Moreover, the current Guns N' Roses single, "Sweet Child O' Mine" is a love song, dedicated to Axl's girlfriend. It's designed "for when you close your eyes and think of a chick", and there are other tracks on the LP betraying a more musically melodic and lyrically sensitive side to the band. There are bursts of sweeping keyboards, whorls of acoustic electrics, cleverly controlled rather than purposefully manic guitar solos, a struggle for idealism in "Paradise City" and "Think About You". A growing maturity is apparent in some of the newer songs yet to be committed to vinyl, including "Patience", which was one of the ballads aired at Donington.

"Yeah, maybe it's that we've grown up," says Slash. "There comes a time when you realise and come to understand certain things. Like with the drugs, they've pretty much gone now and that's because we've never met a single person that took a substantial amount of drugs over a long period of time who didn't have to go into rehabilitation or who didn't go down the drain.
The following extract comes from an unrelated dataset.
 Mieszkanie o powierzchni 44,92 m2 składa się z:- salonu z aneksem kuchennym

It just leads to instability and insecurity.

"But we've always liked to think that our music had some soul to it. There are lots of bands who get their clothes and their hair just right, get a couple of songs together and wanna go out in front of millions of people. Their attitude is, like, the songs are easy, they're only three chords, so what do I have to worry about that for? I've no time for bands like that. The songs may only be three chords, but you'd better feel them, you'd better mean them.
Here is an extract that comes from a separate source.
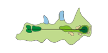手前のサンドバンカーとグリーン右と奥のグラスバンカーが良く効いていて小技を競うホールで正確なアイアンショットが必要。

"It comes down to being sincere, being honest, being yourself. We're not into some kind of rock 'n' roll fantasy, playing up to a Sid Vicious, live fast, die young attitude. Some of the stuff might sound like cliched rock 'n' roll shit, but it's all true. We've lived on the street, we've been in jail, we've had no money, we've suffered the same as everyone else and people can relate to that. All kinds of people. The whole point of this band is to break down barriers, to get away from the accepted norm for a rock group, and if that means doing things we're not supposed to, then fine."

•••

Whatever problems have continually dogged their career, the tragedies, exaggerations and insinuations, the rumours of splits in the ranks, the alcohol and drug abuse, the placing of too much trust upon their young heads, Guns N' Roses have the potential to take their sweet and sour gut-rot rock a lot further. Oddly, they are very much in an anachronistic tradition, that of Aerosmith and AC/DC, and like both of those bands, their ultimate success lies in their ability to appeal to the kind of person who'd rather sign their soul over to Satan than have to suffer Donington.

But Slash seems to have the whole thing in persepective.

"We're not the best musicians, the best band in the world. If anything, we're the biggest screw-ups in the business. So we're old fashioned? It's because we grew up in the mid to late Seventies, which was a strange transition period in music. That's heavily influenced us to the extent that we are the antithesis of the bland, safe, predictable shit of the Eighties. Like I said before, we're just out to be ourselves and to have fun.

"As for the future, I dunno. It's great that bands like the Stones, AC/DC, Cheap Trick and so on seem able to go on for ever, but I don't know if we will. We've got loads of new material for the next LP, it may even be a double album, and that's all that concerns me. There's none of this, 'Oh, we've gotta do five albums, we've still gotta be in this band at 40’. I can't even picture myself at 24, man. I've only just turned 23. All I know is that somehow we'll manage to live through all the bullshit. That's enough."